Twice Baked Sweet Potatoes image

These easy twice baked sweet potatoes are creamy and fluffy with a crunchy pecan top. Sweet and savory, they are more healthy than most!

Provided by Erin Clarke / Well Plated

Categories     Side Dish

Time 1h35m

Number Of Ingredients 10

5 small/medium sweet potatoes (about 8 to 10 ounces each)
2 ounces reduced fat cream cheese
2 ounces unsalted butter
1 (5-ounce) container vanilla nonfat Greek yogurt
1 teaspoon kosher salt
1/2 teaspoon ground cinnamon
1/4 teaspoon ground nutmeg
1/4 ground black pepper
1/8 teaspoon cayenne pepper
1/3 cup chopped untoasted (raw) pecans

Steps:

  • Preheat the oven to 375 degrees F. Line a rimmed baking sheet with aluminum foil or parchment paper.
  • Scrub the sweet potatoes, then pierce all over with the tines of a fork. Place the potatoes on the prepared baking sheet. Bake until fork-tender, about 50 minutes to 1 hour 15 minutes, depending upon the size of your potatoes. Remove the sweet potatoes from the oven and let cool slightly.
  • While the potatoes bake, cut the cream cheese and butter into a small dice.

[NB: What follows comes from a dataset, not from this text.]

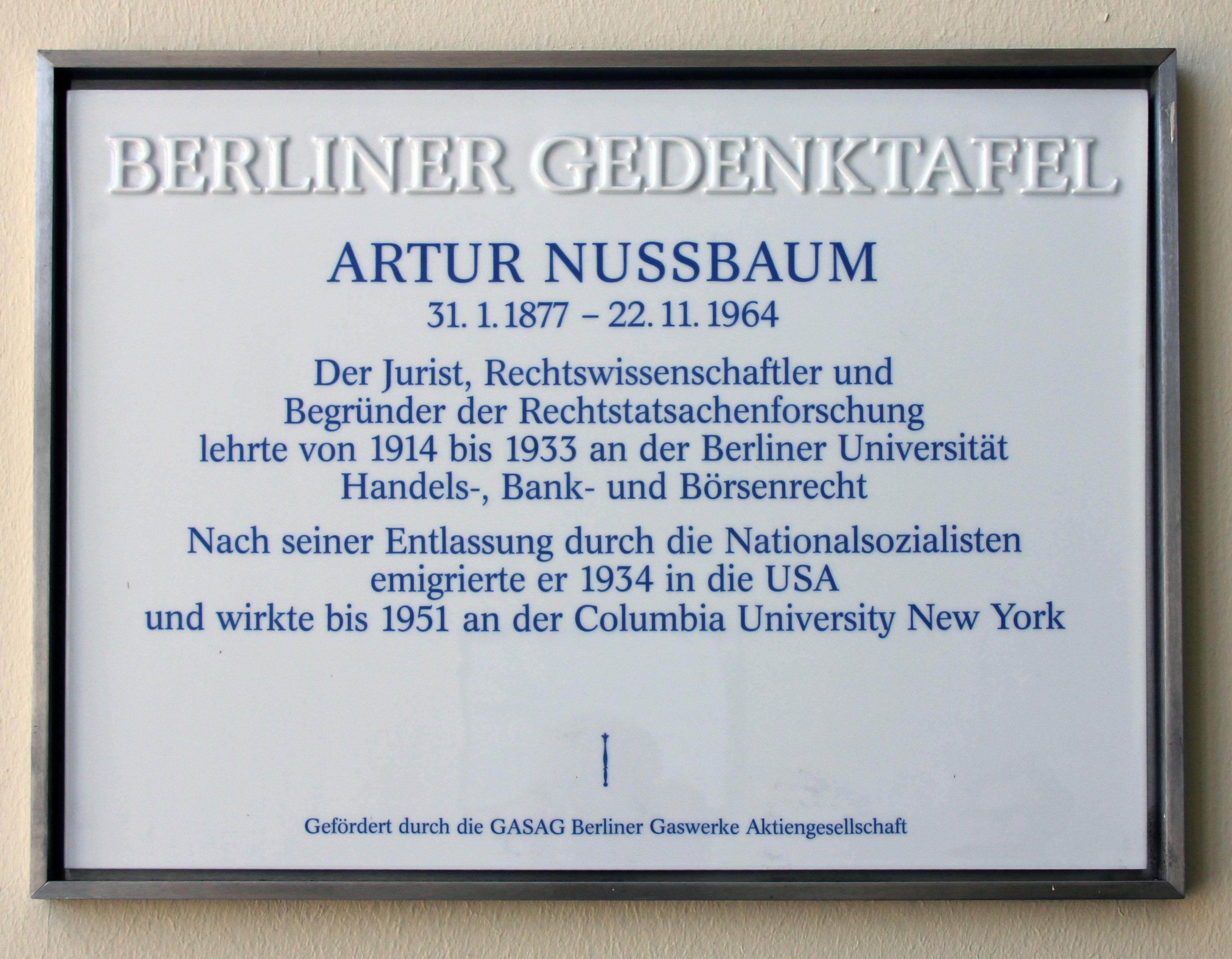 Berlin memorial plaque, Artur Nussbaum, Bebelplatz 2, Berlin-Mitte, Germany

Let come to room temperature while the potatoes bake (you can also melt the butter if you prefer).
  • Once they are cool enough to handle, carefully cut off the top third of the 4 largest sweet potatoes lengthwise so that you have an open sweet potato boat (reserve the 5th, smallest sweet potato). With a spoon, scoop out the potato flesh from the base and transfer it to a food processor fitted with a steel blade. Leave a thin inner layer of sweet potato flesh lining the inside of the base so that it holds its shape. Scrape the flesh away from the cut tops and discard the peels or save for compost. Return the bases to the same baking sheet.
  • Split the final, smallest sweet potato in half and scoop all of the flesh into the food processor. Discard the peel or use it for compost (the extra sweet potato flesh will allow you to impressively fill up the bases).
  • To the food processor, add the Greek yogurt, salt, cinnamon, nutmeg, black pepper, cayenne pepper, cream cheese, and butter. Process until the ingredients are very well blended and the puree is ultra smooth and light, stopping to scrape down the bowl as needed. Taste and adjust the seasoning as desired. (I add a pinch more salt; if you'd like more of a kick, add a bit more cayenne.)
  • Generously mound the sweet potato bases with the filling, piling it high (we are going for presentation here!), then sprinkle the pecans evenly over the top.
  • Return the sweet potatoes to the oven and bake for 10 minutes, until the pecans are crisp and the filling is heated through. Enjoy warm.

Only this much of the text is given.